• _TASK INPUTS_:
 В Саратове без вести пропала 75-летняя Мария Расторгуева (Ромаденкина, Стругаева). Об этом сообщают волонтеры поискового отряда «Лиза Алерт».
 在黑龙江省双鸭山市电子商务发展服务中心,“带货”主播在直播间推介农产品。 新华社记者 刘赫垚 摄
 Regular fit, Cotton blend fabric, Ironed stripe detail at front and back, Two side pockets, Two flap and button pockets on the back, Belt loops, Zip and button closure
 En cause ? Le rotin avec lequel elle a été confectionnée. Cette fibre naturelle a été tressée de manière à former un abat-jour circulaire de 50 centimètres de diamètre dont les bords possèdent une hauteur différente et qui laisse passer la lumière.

* * *

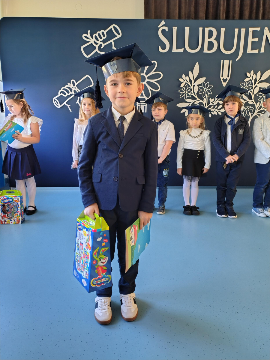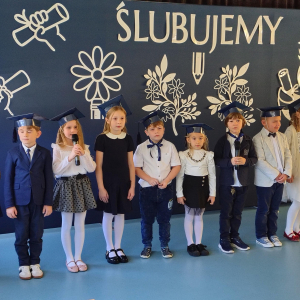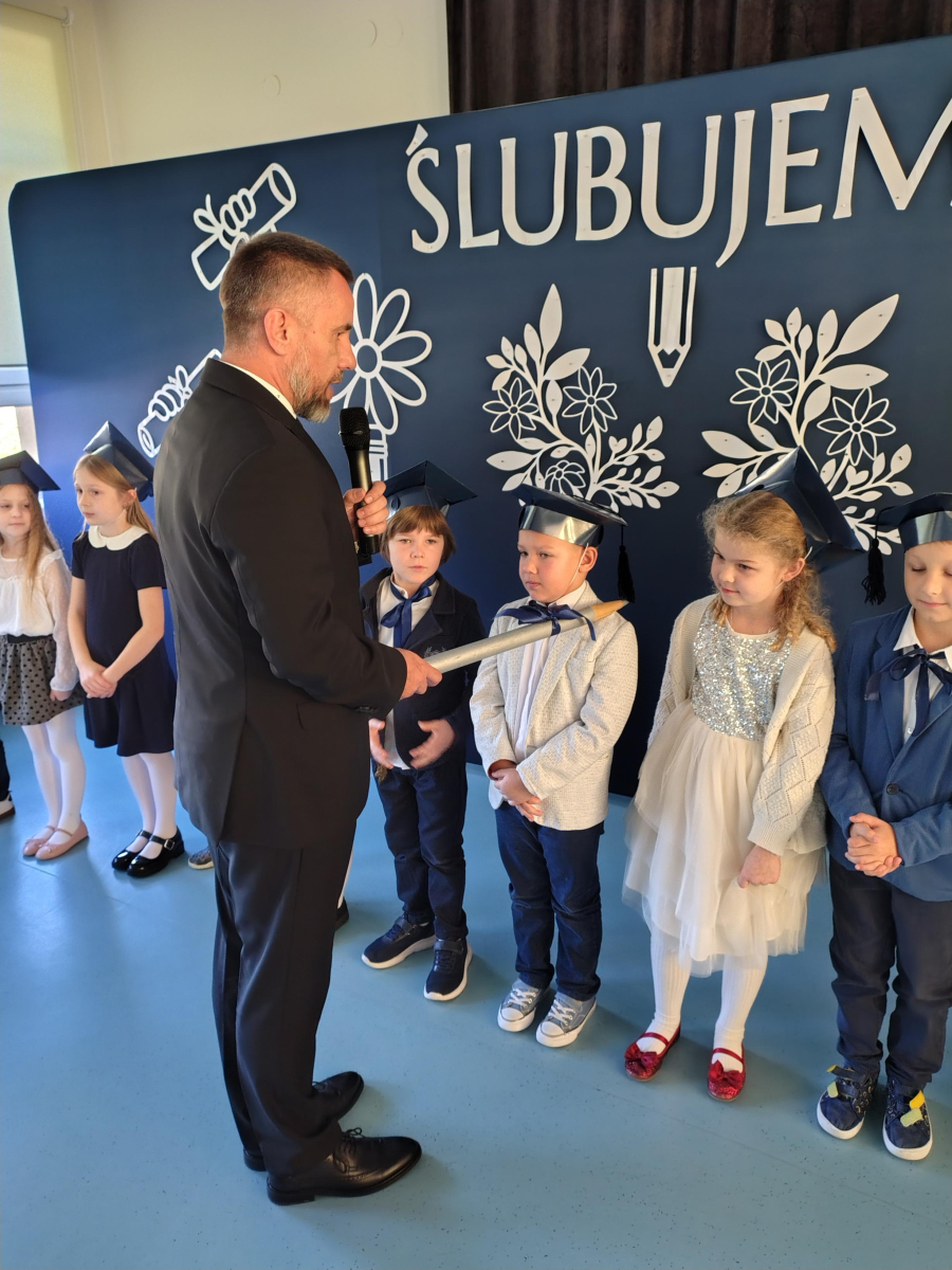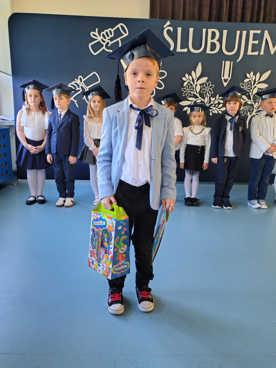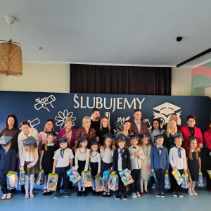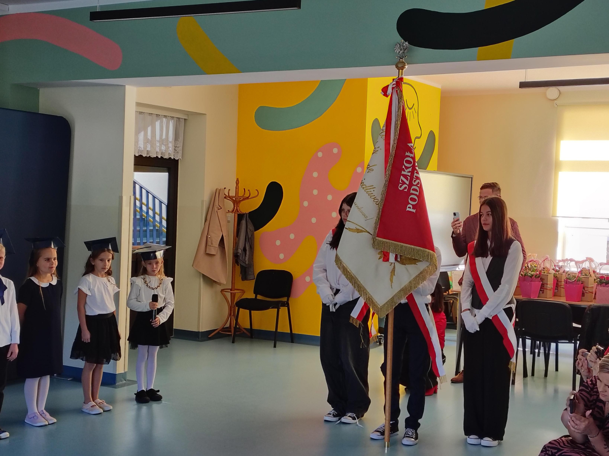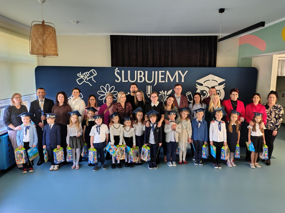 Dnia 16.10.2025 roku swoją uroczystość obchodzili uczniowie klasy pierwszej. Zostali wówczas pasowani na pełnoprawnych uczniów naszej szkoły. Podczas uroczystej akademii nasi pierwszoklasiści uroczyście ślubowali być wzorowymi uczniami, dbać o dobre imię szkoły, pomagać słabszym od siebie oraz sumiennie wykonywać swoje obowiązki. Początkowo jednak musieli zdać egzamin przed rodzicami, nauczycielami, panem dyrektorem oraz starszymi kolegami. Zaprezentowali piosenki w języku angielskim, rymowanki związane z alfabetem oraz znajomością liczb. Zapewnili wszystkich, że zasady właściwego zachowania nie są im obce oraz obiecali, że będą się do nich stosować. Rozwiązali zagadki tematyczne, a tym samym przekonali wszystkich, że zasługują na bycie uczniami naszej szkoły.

• _INSTRUCTIONS TO FOLLOW_: Return only the stretch of the material above from the line holding "В Саратове без" through the line holding "新华社记者 刘赫垚 摄", copied exactly.

• _ANSWER BOX_:
 В Саратове без вести пропала 75-летняя Мария Расторгуева (Ромаденкина, Стругаева). Об этом сообщают волонтеры поискового отряда «Лиза Алерт».
 在黑龙江省双鸭山市电子商务发展服务中心,“带货”主播在直播间推介农产品。 新华社记者 刘赫垚 摄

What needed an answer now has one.